Back to Elasticsearch

analyzer [analyzer]

docs/reference/elasticsearch/mapping-reference/analyzer.md

9.4.24.3 KB
Original Source

analyzer [analyzer]

::::{important} Only text fields support the analyzer mapping parameter. ::::

The analyzer parameter specifies the analyzer used for text analysis when indexing or searching a text field.

Unless overridden with the search_analyzer mapping parameter, this analyzer is used for both index and search analysis. See Specify an analyzer.

::::{tip} We recommend testing analyzers before using them in production. See Test an analyzer. ::::

::::{tip} The analyzer setting can not be updated on existing fields using the update mapping API. ::::

search_quote_analyzer [search-quote-analyzer]

The search_quote_analyzer setting allows you to specify an analyzer for phrases, this is particularly useful when dealing with disabling stop words for phrase queries.

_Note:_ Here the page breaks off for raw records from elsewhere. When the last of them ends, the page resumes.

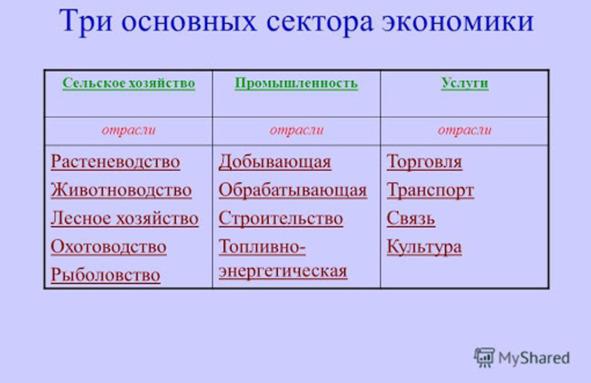Согласно трехсекторной макроэкономической теории, существует три основных сектора экономики — первичный, вторичный и третичный.
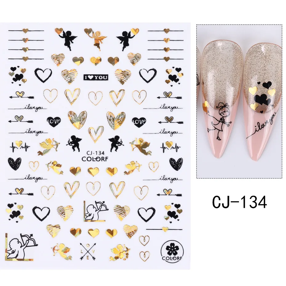 1PCS Black Gold Love Heart Letters 3D Nail Stickers Valentine’s Day Nail Art Decoration Cartoon Bear Cupid Stickers For Nails
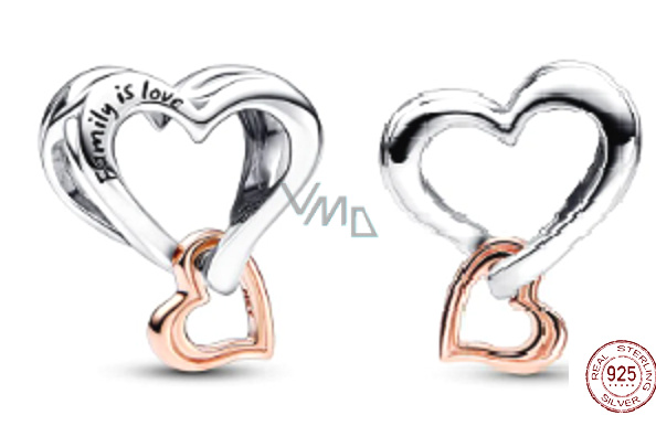 Charm Sterlingové stříbro 925 Děrované srdce s nekonečnem 2v1, korálek na náramek rodina
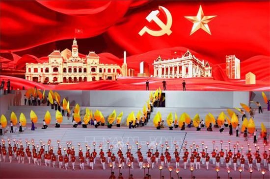 | Chương trình “Dưới lá cờ vẻ vang của Đảng” là điểm nhấn đặc biệt, giàu ý nghĩa chính trị - văn hóa - nghệ thuật, thể hiện niềm tin son sắt của toàn Đảng, toàn dân, toàn quân đối với sự lãnh đạo của Đảng Cộng sản Việt Nam, quyết tâm đoàn kết một lòng thực hiện thắng lợi Nghị quyết Đại hội XIV. Ảnh: TTXVN |
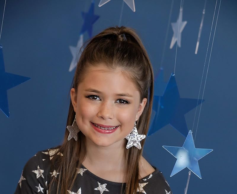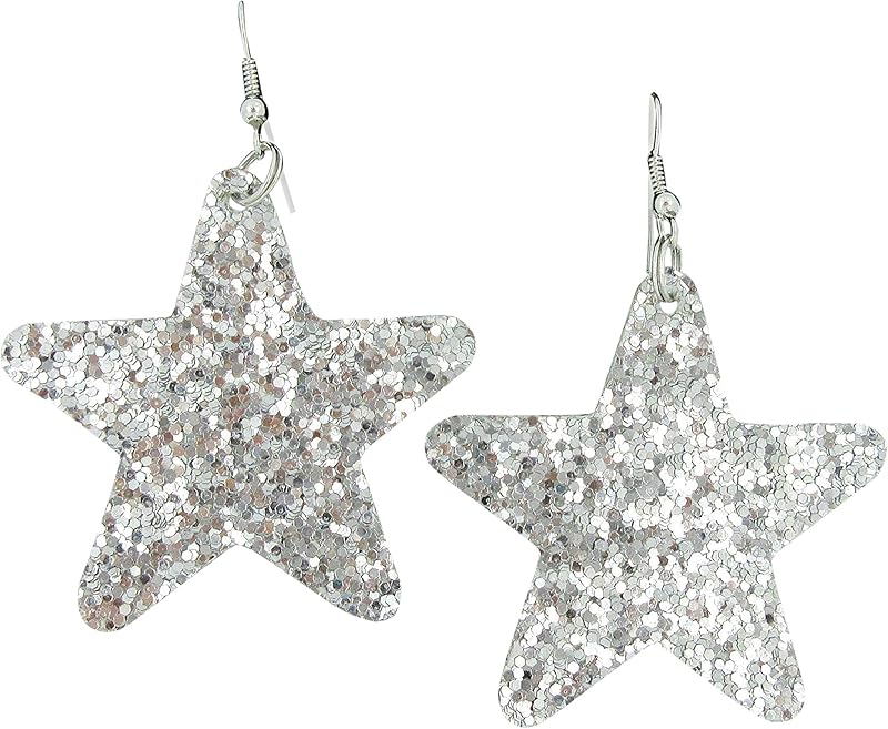 Summerfield Collection Glitter Faux Leather Large Star Dangle Earrings (Silver)
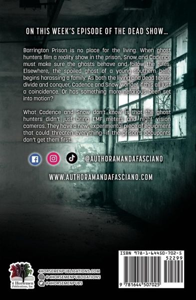 On this week's episode of The Dead Show... Barrington Prison is no place for the living. When ghost hunters film a reality show in the prison, Snow and Cadence must make sure the ghosts behave and follow the rules. Elsewhere, the spoiled ghost of a young southern belle begins harassing a family. As both the living and dead teams divide and conquer, Cadence and Snow wonder if this all just a coincidence. Or has something more nefarious been set into motion? What Cadence and Snow don't know is that the ghost hunters didn't just bring EMF meters and night vision cameras. They have a new, experimental piece of equipment that could threaten everything-if the prison's occupants don't get them first.
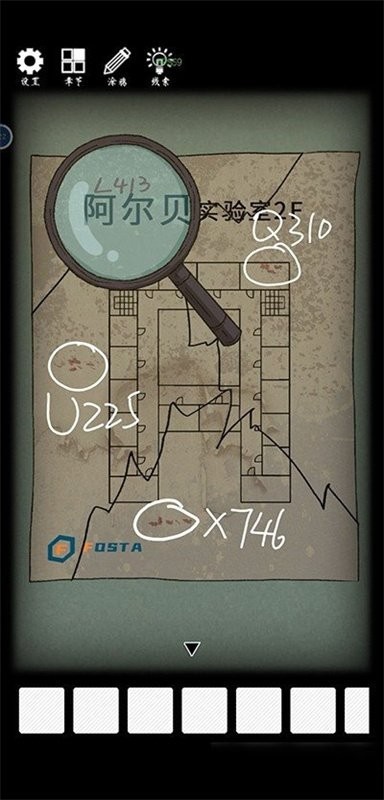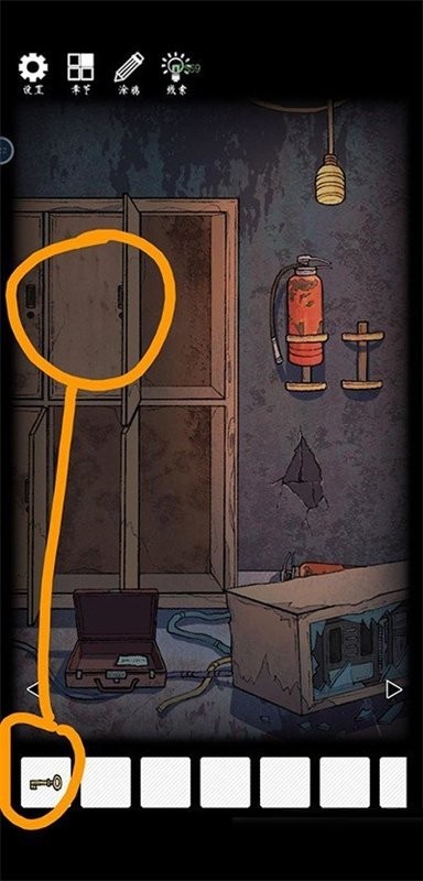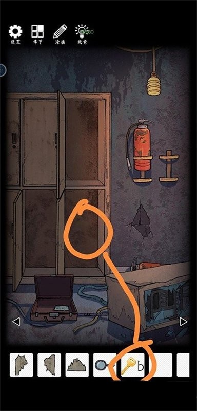 1、用钥匙 b 拧开门锁,成功解锁后从中获取残缺的图,该图为后续解谜关键道具。
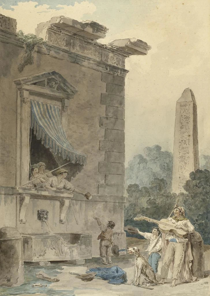 In diesem fesselnden Werk taucht Hubert Robert uns in eine Welt ein, in der Wohlwollen und Nächstenliebe lebendig werden. Die Damen, elegant gekleidet, kümmern sich um junge Kinder und schaffen eine warme und einladende Atmosphäre. Die sanften und leuchtenden Farben, verbunden mit einer zarten Maltechnik, verleihen der Szene eine fast ätherische Leichtigkeit. Die harmonische Komposition, mit ihren fließenden Linien und feinen Details, lädt den Betrachter ein, in diesen Moment des Teilens und Mitgefühls einzutauchen. Dieses Gemälde, eine wahre Ode an die Großzügigkeit, klingt mit einer emotionalen Tiefe, die die Zeit überdauert.
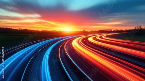 © Nursa, Naklejka premium Vibrant sunset over a highway with light trails.

To disable stop words for phrases a field utilising three analyzer settings will be required:

  1. An analyzer setting for indexing all terms including stop words
  2. A search_analyzer setting for non-phrase queries that will remove stop words
  3. A search_quote_analyzer setting for phrase queries that will not remove stop words
console
PUT my-index-000001
{
   "settings":{
      "analysis":{
         "analyzer":{
            "my_analyzer":{ <1>
               "type":"custom",
               "tokenizer":"standard",
               "filter":[
                  "lowercase"
               ]
            },
            "my_stop_analyzer":{ <2>
               "type":"custom",
               "tokenizer":"standard",
               "filter":[
                  "lowercase",
                  "english_stop"
               ]
            }
         },
         "filter":{
            "english_stop":{
               "type":"stop",
               "stopwords":"_english_"
            }
         }
      }
   },
   "mappings":{
       "properties":{
          "title": {
             "type":"text",
             "analyzer":"my_analyzer", <3>
             "search_analyzer":"my_stop_analyzer", <4>
             "search_quote_analyzer":"my_analyzer" <5>
         }
      }
   }
}

PUT my-index-000001/_doc/1
{
   "title":"The Quick Brown Fox"
}

PUT my-index-000001/_doc/2
{
   "title":"A Quick Brown Fox"
}

GET my-index-000001/_search
{
   "query":{
      "query_string":{
         "query":"\"the quick brown fox\"" <6>
      }
   }
}

::::{tip} The search_quote_analyzer setting can be updated on existing fields using the update mapping API. ::::

  1. my_analyzer analyzer which tokens all terms including stop words
  2. my_stop_analyzer analyzer which removes stop words
  3. analyzer setting that points to the my_analyzer analyzer which will be used at index time
  4. search_analyzer setting that points to the my_stop_analyzer and removes stop words for non-phrase queries
  5. search_quote_analyzer setting that points to the my_analyzer analyzer and ensures that stop words are not removed from phrase queries
  6. Since the query is wrapped in quotes it is detected as a phrase query therefore the search_quote_analyzer kicks in and ensures the stop words are not removed from the query. The my_analyzer analyzer will then return the following tokens [the, quick, brown, fox] which will match one of the documents. Meanwhile term queries will be analyzed with the my_stop_analyzer analyzer which will filter out stop words. So a search for either The quick brown fox or A quick brown fox will return both documents since both documents contain the following tokens [quick, brown, fox]. Without the search_quote_analyzer it would not be possible to do exact matches for phrase queries as the stop words from phrase queries would be removed resulting in both documents matching.